Extracted data.
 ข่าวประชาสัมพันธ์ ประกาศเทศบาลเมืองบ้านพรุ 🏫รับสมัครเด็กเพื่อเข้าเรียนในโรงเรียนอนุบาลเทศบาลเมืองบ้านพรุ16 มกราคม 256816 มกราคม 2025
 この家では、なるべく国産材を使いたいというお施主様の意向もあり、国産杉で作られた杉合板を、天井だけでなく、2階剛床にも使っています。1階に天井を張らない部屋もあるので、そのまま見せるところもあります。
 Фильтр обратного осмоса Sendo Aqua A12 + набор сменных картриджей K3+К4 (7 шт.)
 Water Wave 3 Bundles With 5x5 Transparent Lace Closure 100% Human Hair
---
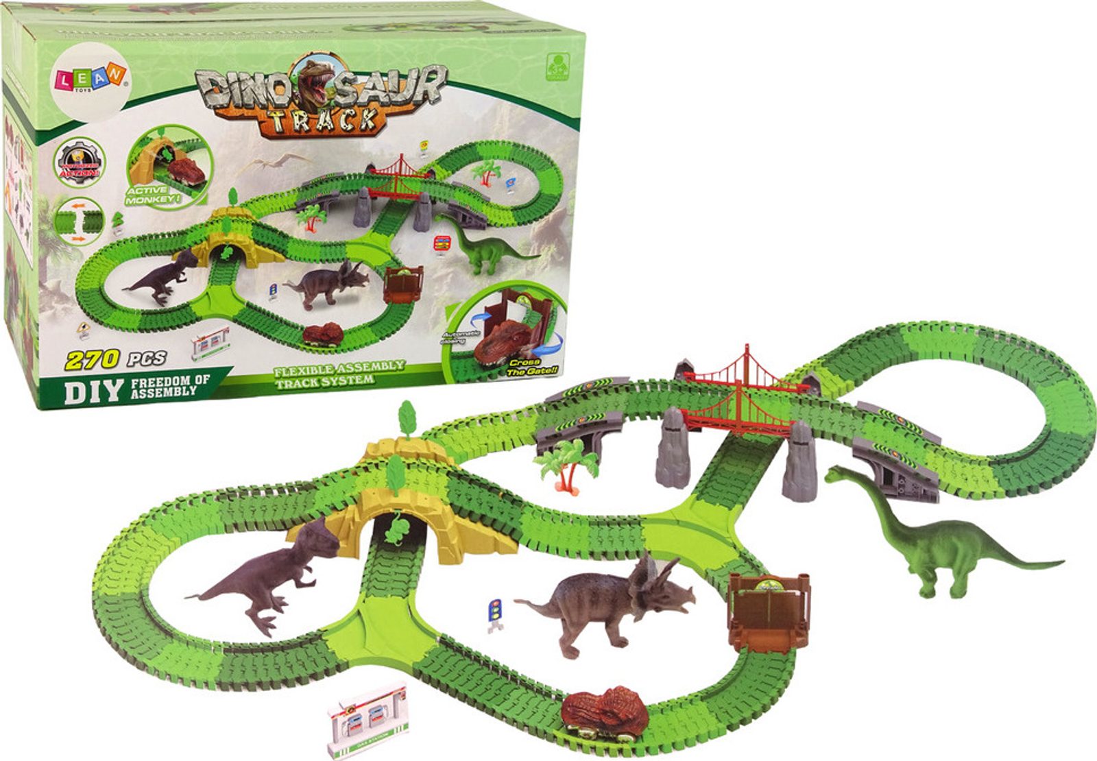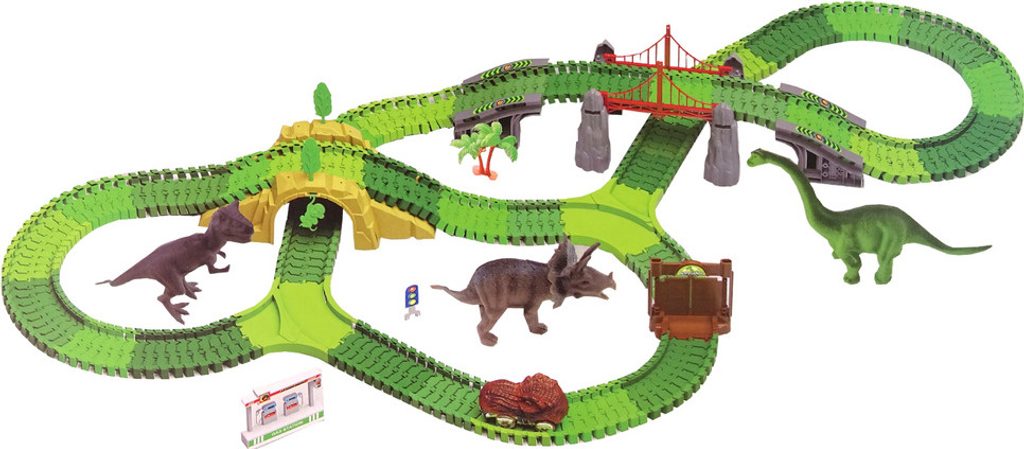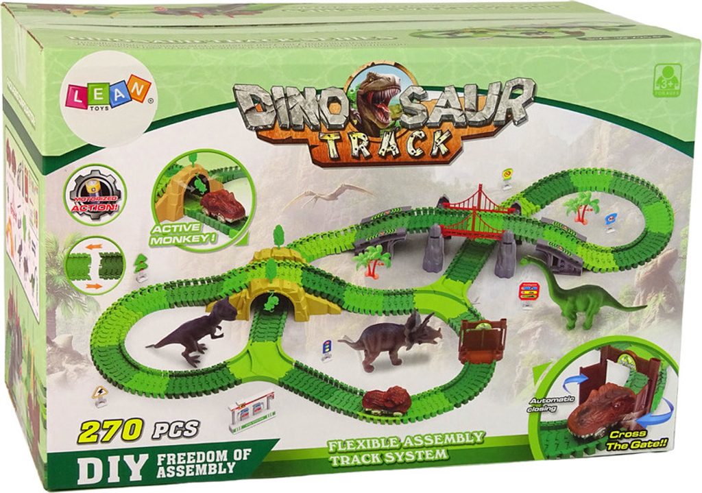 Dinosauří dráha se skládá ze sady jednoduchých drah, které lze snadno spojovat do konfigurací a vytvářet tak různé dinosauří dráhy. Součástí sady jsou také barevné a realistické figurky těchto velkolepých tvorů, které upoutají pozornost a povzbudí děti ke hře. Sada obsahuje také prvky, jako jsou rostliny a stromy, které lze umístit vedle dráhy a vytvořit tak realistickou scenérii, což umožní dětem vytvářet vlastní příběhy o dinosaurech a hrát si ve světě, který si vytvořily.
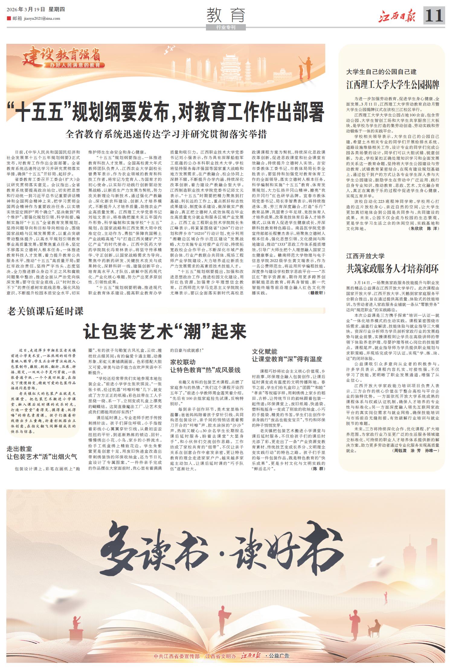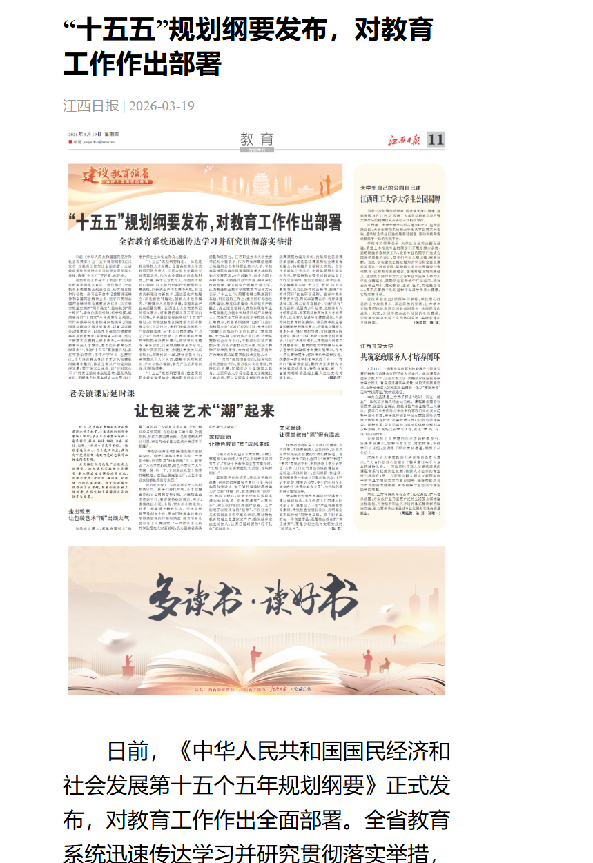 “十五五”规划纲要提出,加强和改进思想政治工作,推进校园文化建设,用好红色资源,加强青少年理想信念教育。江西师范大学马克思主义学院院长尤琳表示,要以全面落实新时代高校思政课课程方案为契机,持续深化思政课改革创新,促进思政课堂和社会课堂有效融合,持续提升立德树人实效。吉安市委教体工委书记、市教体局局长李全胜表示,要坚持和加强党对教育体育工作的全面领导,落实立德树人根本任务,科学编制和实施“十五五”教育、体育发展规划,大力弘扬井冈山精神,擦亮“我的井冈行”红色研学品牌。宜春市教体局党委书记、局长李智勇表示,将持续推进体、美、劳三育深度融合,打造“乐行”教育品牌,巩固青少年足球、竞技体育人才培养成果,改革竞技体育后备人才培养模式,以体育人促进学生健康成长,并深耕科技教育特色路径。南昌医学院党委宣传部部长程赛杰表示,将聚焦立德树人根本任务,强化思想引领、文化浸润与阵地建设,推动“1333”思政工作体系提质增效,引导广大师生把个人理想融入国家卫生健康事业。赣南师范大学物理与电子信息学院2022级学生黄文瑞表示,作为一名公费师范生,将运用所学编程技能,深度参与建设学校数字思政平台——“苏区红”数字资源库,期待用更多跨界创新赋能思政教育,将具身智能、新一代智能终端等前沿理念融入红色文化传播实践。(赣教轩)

Problem description. Give only the lines from the one holding "この家では、なるべく国産材を" through the one holding "Water Wave 3", each restated exactly as it appears above.

Written response.
 この家では、なるべく国産材を使いたいというお施主様の意向もあり、国産杉で作られた杉合板を、天井だけでなく、2階剛床にも使っています。1階に天井を張らない部屋もあるので、そのまま見せるところもあります。
 Фильтр обратного осмоса Sendo Aqua A12 + набор сменных картриджей K3+К4 (7 шт.)
 Water Wave 3 Bundles With 5x5 Transparent Lace Closure 100% Human Hair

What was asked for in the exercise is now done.